Renewable electricity generation in the U.S. continues to grow, stimulated by favorable public policies and falling costs for renewables. However, the transition to a low-carbon electricity grid will not happen overnight. We are in the midst of a multi-decade transition toward a cleaner grid. During this transition, fossil fuel electricity generators will operate alongside wind farms and fleets of solar photovoltaic panels. A key challenge in this transition is intermittency of renewables – generation from wind turbines and solar panels can be highly variable, with weather-driven fluctuations that may be difficult to forecast. As penetration of intermittent renewables increases, conventional generators must startup and shut-down more frequently to offset fluctuations in renewable generation.

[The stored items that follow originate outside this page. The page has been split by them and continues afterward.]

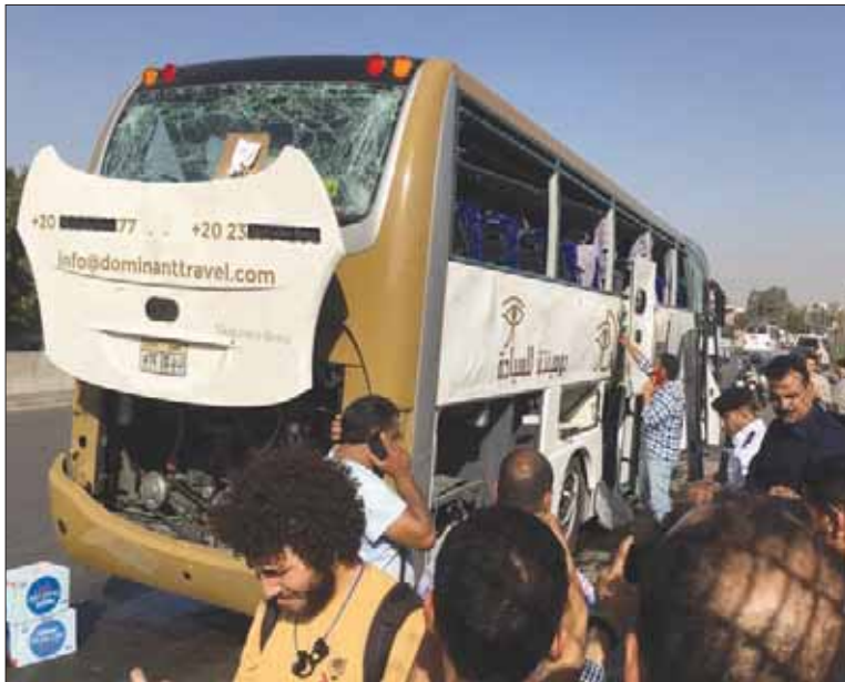
مسؤولو أمن مصريون ورجال شرطة قرب حافلة سياحية استهدفت بتفجير «جسم غريب» في الجزيرة أمس
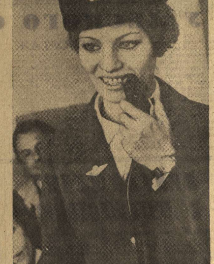
Горькая моя доля...

Стоят два новых дома рядом. Недавно въехали жильцы... Чистота, порядок. Сверкает гладкая паркетная опрятность стек. Ступеньки, точно лаки с маслом. Ну, хоть кафель на них ковер! Он был бы кстати здесь вполне бы... И лифт, как орел небесный ват, в виде, словно на седьмое небо. Достают на любой этаж... Соседний дом, красна, как перерый. Но все же ему не повезло. В парадной двери — Паскельево выбито. Паскельево выбито. Пожаром шредены стекла. В пыли ступеньки. А стены новые погрязли. Картинами омерзели. Рваный, рваный и строгий «Альберт, охотник и стрелок». «Сорей лаво Лоджа». Иль вет: «Ну, Зайцев, погодишь... Сердичка, протренированная нет счета. Владеет окрестки в атолок... Не ходит лифт, поскольку кто-то в стальной двери сломал замок. Чего-то аросит! — Почему же Протренивших не решить проблему? Дома, как бычьи шарниры. С женщинами в носки. Дома с любовью править не буди. Но вот она стена одна! Каким поселился люди. Таковыми стали и дома! Н. СЕРГИЕНКО.
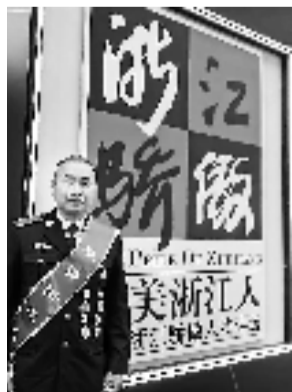
□ 本报记者 高华生

全国高职院校教学能力大赛一等奖,全国高校微课教学一等奖(注:两个奖项是教育部教师教学比赛最高奖),浙江省黄炎培职业教育杰出教师奖,最美浙江人,入选浙江省“151人才工程”,荣立个人二等功2次……类似的荣誉郑孙勇早已收获很多。不过,这次郑孙勇接受采访是以另一个身份——杭州亚运会克柔术项目竞赛主任(竞赛副指挥长)。
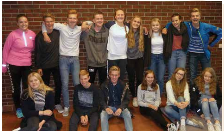
Den historiske klasse 1STC – for første gang er det tre paralleller på Studiespesialisering (tidl. Allmennfag).

I år er vi så heldige å ha hele tre miljøarbeidere og en internat- og fritidsmedarbeider i tillegg til den faste staben som har ansvar for det sosialpedagogiske arbeidet. De har alle gjort en strålende innsats med å få nye og gamle elever til å føle seg velkommen og inkludert. De har arrangert turer, sosialkvelder og morsomme aktiviteter på fritiden. Vi tar med noen bilder fra oppstarten.

In a recent IJIO publication, Market Dynamics and Investment in the Electricity Sector, Joseph Cullen and Stanley Reynolds develop and analyze a dynamic competition model of investment incentives and operation costs when conventional and renewable electricity generators co-exist. A key innovation of their analysis is incorporation of output change costs (called ramping costs) for natural gas generators. Incorporation of ramping costs leads to significant changes in predicted volatility of wholesale energy prices, profits of conventional generators, and investment incentives for conventional generators.

Data from the Electric Reliability Council of Texas system is used to estimate and parametrize the model. Texas has the highest wind turbine capacity of all U.S. states and has experienced rapid recent growth in solar panel capacity. The parameterized model is the basis for counterfactual policy experiments that evaluate the impact of renewable investment subsidies and carbon taxes. The policy experiments are designed to achieve CO2 reduction targets of 20%, 40%, and 60%, relative to a baseline case. The cost of achieving a 60% CO2 reduction under a carbon tax is estimated to be $1.1 billion/year, versus $1.4 billion/year under a renewable investment subsidy; a $300 million/year gap in CO2 reduction cost between the two policies. These costs should be weighed against climate benefits of reduced CO2 emissions.

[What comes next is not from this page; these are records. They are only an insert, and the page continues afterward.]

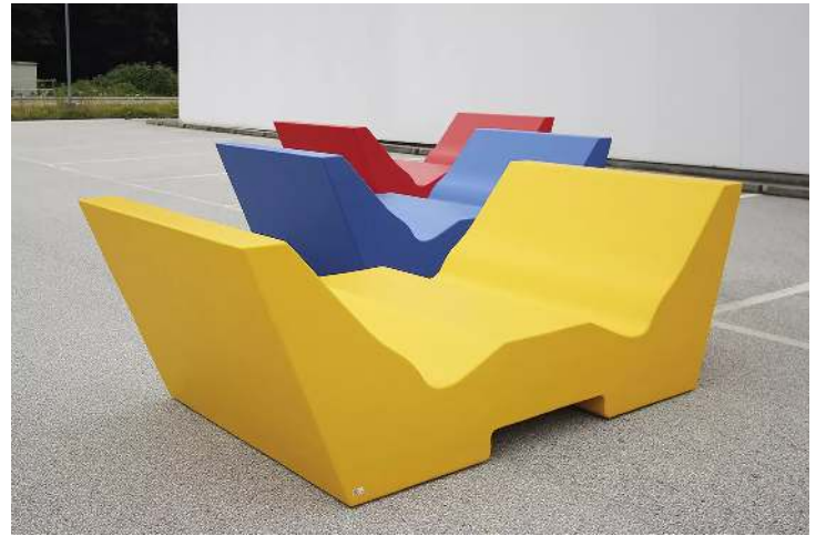
Doppelliegebank COMMUNICATION WEST in RAL 1004 goldgelb, RAL 5005 signalblau und RAL 3003 rubinrot, mit Hubausnehmung (auf Anfrage)
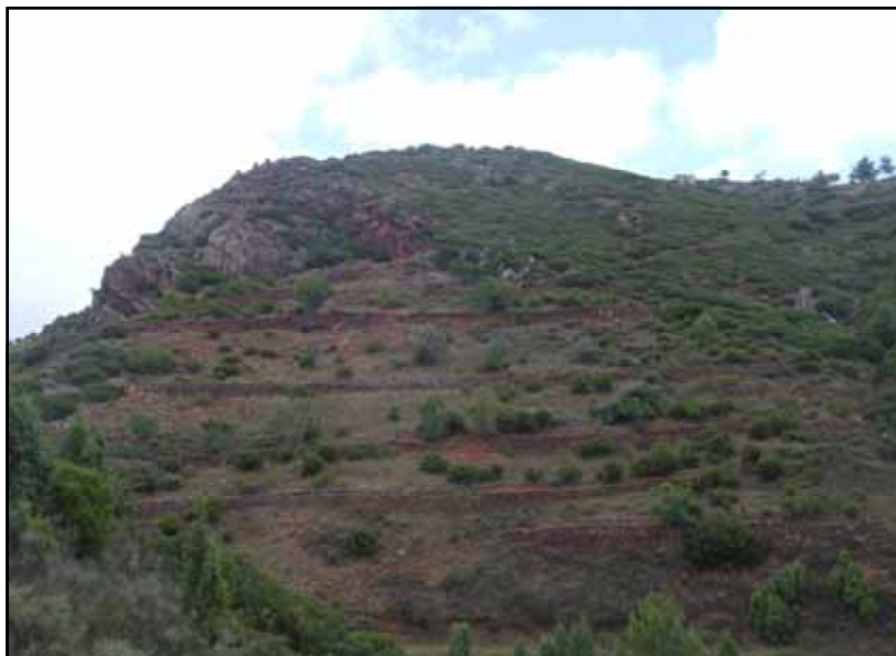
Zona donde se abre la cavidad, con la masía a la derecha.

La cueva de Juan Edo se ubica en el término municipal de Ludiente, a 4 kilómetros al NE de la población y en terrenos de la masía de Juan Edo. La cavidad se encuentra a la iz-
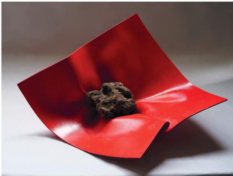
PESO LEGGERO 2023, PVC, smalto e radice, cm 48x37x28
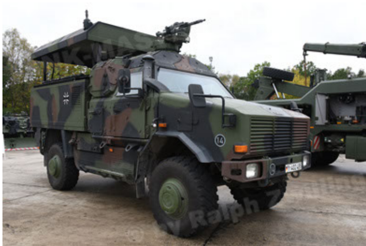
Dingo 2 GE C1 GSI (117).JPG
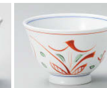
カ388-048 手描き京小花反煎茶 φ9×5.8cm(160cc) (強) JPN 1,700円
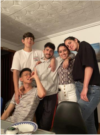
Mis compañeros de piso y yo

A common alternative approach for evaluating environmental policies in the electricity sector is to use a merit order model. Under merit order, electricity generators are dispatched in ascending order of their marginal generation cost. Cullen and Reynolds show that their dynamic competition model yields dramatically different results than a merit order model. Wholesale electricity prices are predicted to be more volatile with the dynamic competition model compared to the merit order model. In addition, the dynamic competition model predicts much more costly CO2 reduction compared to the merit order model. For example, 60% CO2 reduction under a carbon tax and a renewable investment subsidy are predicted to be 40% more costly with a dynamic competition model compared to a merit order model. This in turn implies a smaller predicted gap between CO2 reduction costs for carbon tax and investment subsidy policies under a merit order model (a $209 million/year gap for the merit order model versus a $300 million/year gap for the dynamic model).

Why are policies more costly in the dynamic model than in the merit order model? Several forces are at work. Wind turbines are most productive at night and solar panels are most productive mid-day. There are lower equilibrium energy prices and more renewable curtailment for these hours in the dynamic model compared to the merit order model. As renewable penetration increases, combined cycle units have more frequent ramps, leading to higher ramping costs in the dynamic model. More frequent ramping of combined cycle units changes investment, shifting the plant mix toward units with high operating costs and away from lower cost combined cycle units in the dynamic model.